* **Work task**:
Please write out every record exactly, but keep any images out of it.

(Dataset excerpts)
....................
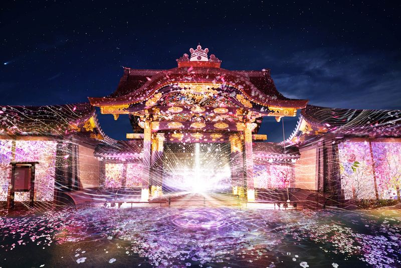 世界遺産・二条城では2018年、2019年と秋の紅葉シーズンで開催していたが、春に京都で開催するのは初めて。唐門など重要文化財でもある建造物、そして二条城に咲き誇る50種類もの「夜桜」とコラボレーションし、”桜”をテーマに新しいお花見体験を届けてくれるだろう。
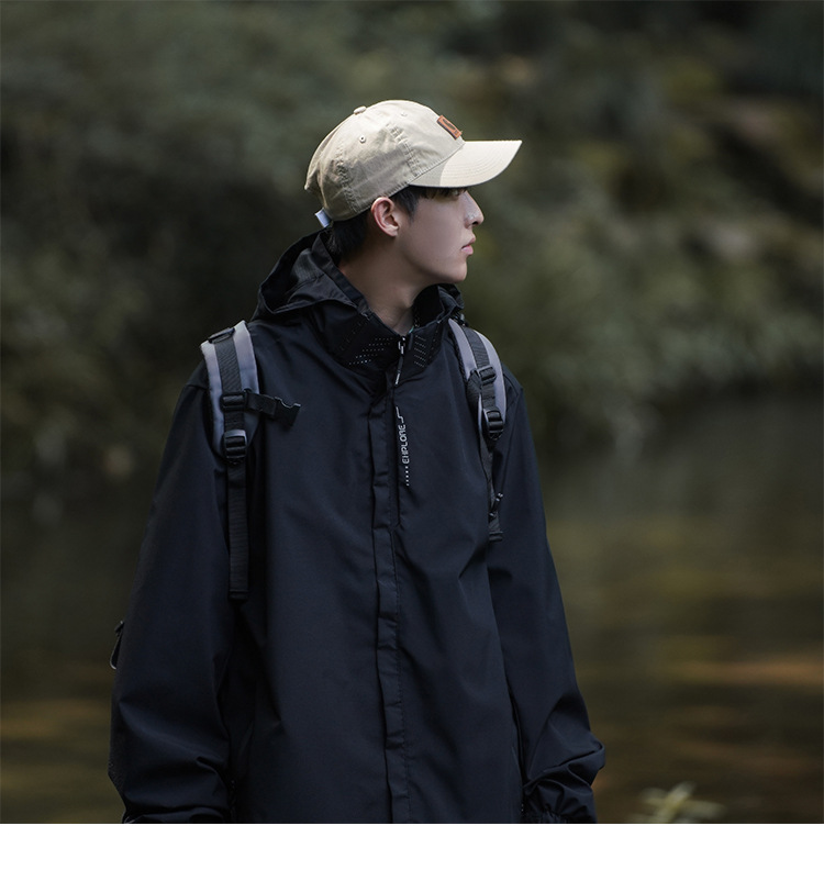블랙 사무라이 재킷 일본식 아메리칸 스타일 하이 칼라 후드 작업 재킷 남성용 봄과 가을 커플 착용 기능성 재킷
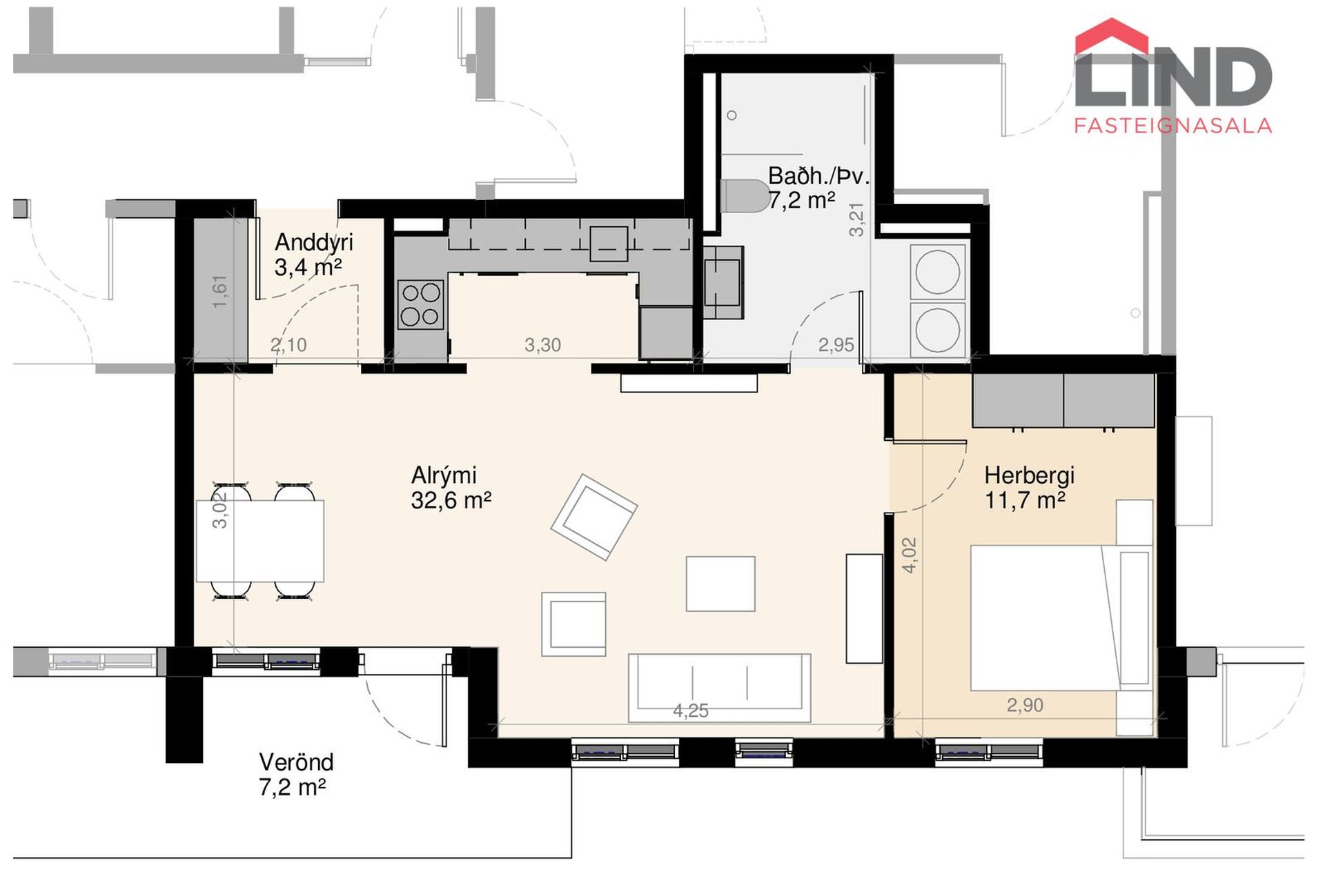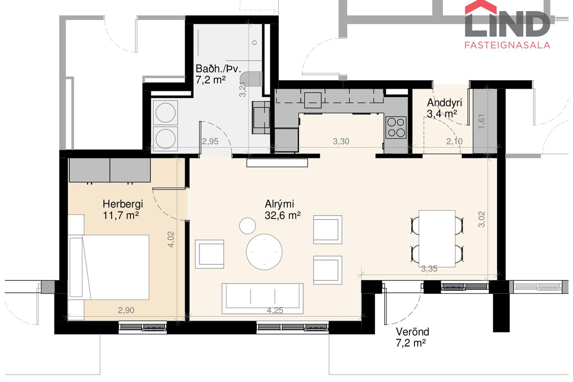 | 2 | 71,90 m² | 58.000.000 kr. 11. janúar 2024 | 62.400.000 kr. 5. maí 2025 |
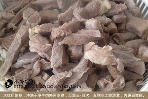 水红后倒掉,冲洗干净牛肉,再换水煮,反复3-4次,直到水比较清澈,肉表面变白。
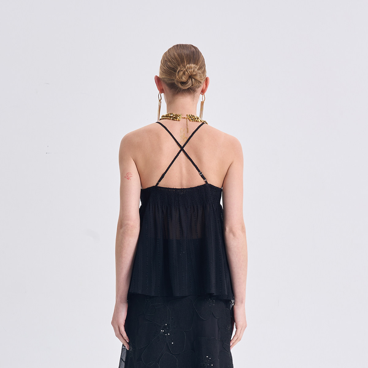 秋冬桑蚕丝绒感磨毛保暖打底衫 吊带带胸垫背心女士黑白色内搭上衣
....................
* **Result**:
 世界遺産・二条城では2018年、2019年と秋の紅葉シーズンで開催していたが、春に京都で開催するのは初めて。唐門など重要文化財でもある建造物、そして二条城に咲き誇る50種類もの「夜桜」とコラボレーションし、”桜”をテーマに新しいお花見体験を届けてくれるだろう。
블랙 사무라이 재킷 일본식 아메리칸 스타일 하이 칼라 후드 작업 재킷 남성용 봄과 가을 커플 착용 기능성 재킷
 | 2 | 71,90 m² | 58.000.000 kr. 11. janúar 2024 | 62.400.000 kr. 5. maí 2025 |
 水红后倒掉,冲洗干净牛肉,再换水煮,反复3-4次,直到水比较清澈,肉表面变白。
 秋冬桑蚕丝绒感磨毛保暖打底衫 吊带带胸垫背心女士黑白色内搭上衣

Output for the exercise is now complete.